In order to understand the potential cause in the shaping of MM-InDel generation across the whole genome, the marker densities of both single InDels and SNPs were analyzed in the same scale as the MM-InDels (Figure 3B), and the average recombination rate and GC content were also calculated for 100-kb bins (Figures 3C,D). The relationship between the generation of MM-InDels and the presence of InDels and SNPs, recombination rate, and GC content was investigated (Figure 4A). The results showed a moderate correlation between the distribution of MM-InDels and the presence of InDels and SNPs (r = 0.24 and 0.29, p < 0.0001), while the recombination rate and GC content demonstrated a weak correlation with MM-InDel distribution (r = 0.10 and 0.11, p < 0.0001).

FIGURE 4

FIGURE 4. Relationship between the occurrence of MM-InDel markers with random sequences and different genomic factors. (A) Correlation analysis between the density of MM-InDels with random sequences and genomic factors such as the density of SNPs, the density of InDels, GC contents [GC (%)], and recombination rates (Rc). The average value for 100-kb bins is utilized. p-values were all <0.0001. (B–E) Correlation of MM-InDels harboring random sequences with the density distribution of InDels (B), SNPs (C), GC content (D), and recombination rate (E).
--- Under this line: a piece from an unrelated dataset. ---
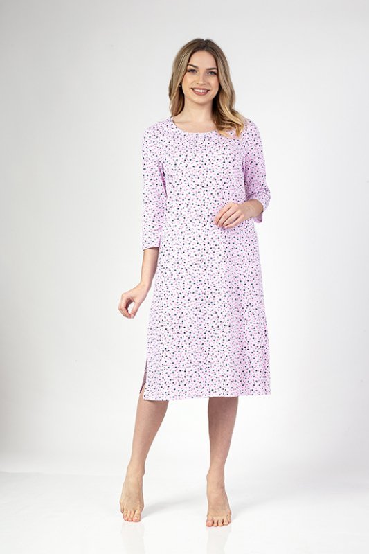 Жіноча сорочка з візерункової приємної до тіла бавовни з дрібними квіточками. Напівкруглий виріз, рукав 3/4, довжина до коліна. Знизу з двох сторін прорізи. Склад: 100% бавовна.

Additionally, each potential factor was further inspected within different groups of MM-InDel densities per 100 kb on autosomes. As shown in Figures 4B–E, the average density of InDels and SNPs along with the recombination rate and GC content appeared relatively lower at regions with the absence of MM-InDels. In contrast, in those regions that contained 1–3 or >3 MM-InDels, an increase of the average magnitude could be observed. Overall, there might be a potential causal effect between the shaping of MM-InDels with random sequences and other genetic markers, including InDels and SNPs, while higher recombination rate and GC content might be favorable for the formation of MM-InDels.

3.4 Characteristics of MM-InDel Markers Among Different Populations

The allelic frequency of MM-InDels was investigated in different populations. In a total of 9,974 MM-InDels, the average frequency of the most observed alleles ranged from 0.67 to 0.74 for multi-allelic InDels (Figure 5A) and from 0.71 to 0.78 for multi-InDels (Figure 5B) among all populations. For the second most common alleles, the average frequency ranged from 0.20 to 0.22 for multi-allelic InDels and from 0.17 to 0.20 for multi-InDels. Similar distribution patterns of the average allelic frequencies of multi-allelic InDels and multi-InDels could be observed in different populations (Figures 5A,B). The African population presented the highest average frequency of the third and more infrequent alleles, while the East Asian population showed the opposite pattern for multi-allelic InDels and multi-InDels.

FIGURE 5

FIGURE 5. Distribution of MM-InDel markers in worldwide populations. (A,B) Allele frequency distributions of multi-allelic InDels with random sequences (A) and multi-InDels with random sequences (B) among the African ancestry population (AFR), American ancestry population (AMR), European ancestry population (EUR), East Asian ancestry population (EAS), and South Asian ancestry population (SAS). Alleles were sorted in a descending order by frequency at each marker in the total population. (C,D) Venn diagram showing the distributions of multi-allelic InDels with random sequences (C) and multi-InDels with random sequences (D) in different population cohorts. The overlapping region indicates the number of MM-InDels with three or more alleles. The pie plot indicates the proportions of MM-InDels with entire alleles (blue) or with loss/birth of alleles (red) in the populations.

The allele prevalence of MM-InDels was subsequently inspected among worldwide populations. As shown in Figures 5C,D, 1,308 multi-allelic InDel markers and 1,519 multi-InDel markers commonly presented multiple alleles in all five populations. Among these sites, 999 multi-allelic InDels (76.38%) and 1,063 multi-InDels (69.98%) exhibited entire alleles in all five populations, although the allelic frequencies appeared different in these five populations, which implies an ancient formation of these MM-InDels. In contrast, the loss or birth of alleles in these five populations occurred at multi-allelic InDels (23.62%) and multi-InDels (30.02%), which could imply a population differentiation. Furthermore, single population-specific alleles were observed at 819 multi-allelic InDels (22.76%) and 2,025 multi-InDels (31.76%), with the African population-specific ones accounting for 19.56% at multi-allelic InDels and 27.80% at multi-InDels.

4 Discussion

A total of 9,974 MM-InDels with random DNA sequences of insertion or deletion were filtered, and the occurrence of MM-InDels with random sequences was further characterized. In fact, there should be much more MM-InDels with random DNA sequences that can be observed when lowering the filtering threshold of allele frequency. For the generation of MM-InDels with random sequences, the more frequent presence of adjacent InDels was observed within 20 bp (Figure 2A), while most InDels within multi-InDel markers were also under 20 bp (95.16%). In fact, the enrichment of neighboring polymorphisms has been reported in the human genome (Hodgkinson and Eyre-Walker, 2010), which is in line with our observation. A correlation of the separate mutational events forming MM-InDels might be assumed in a closer distance with shorter mutational sequence lengths.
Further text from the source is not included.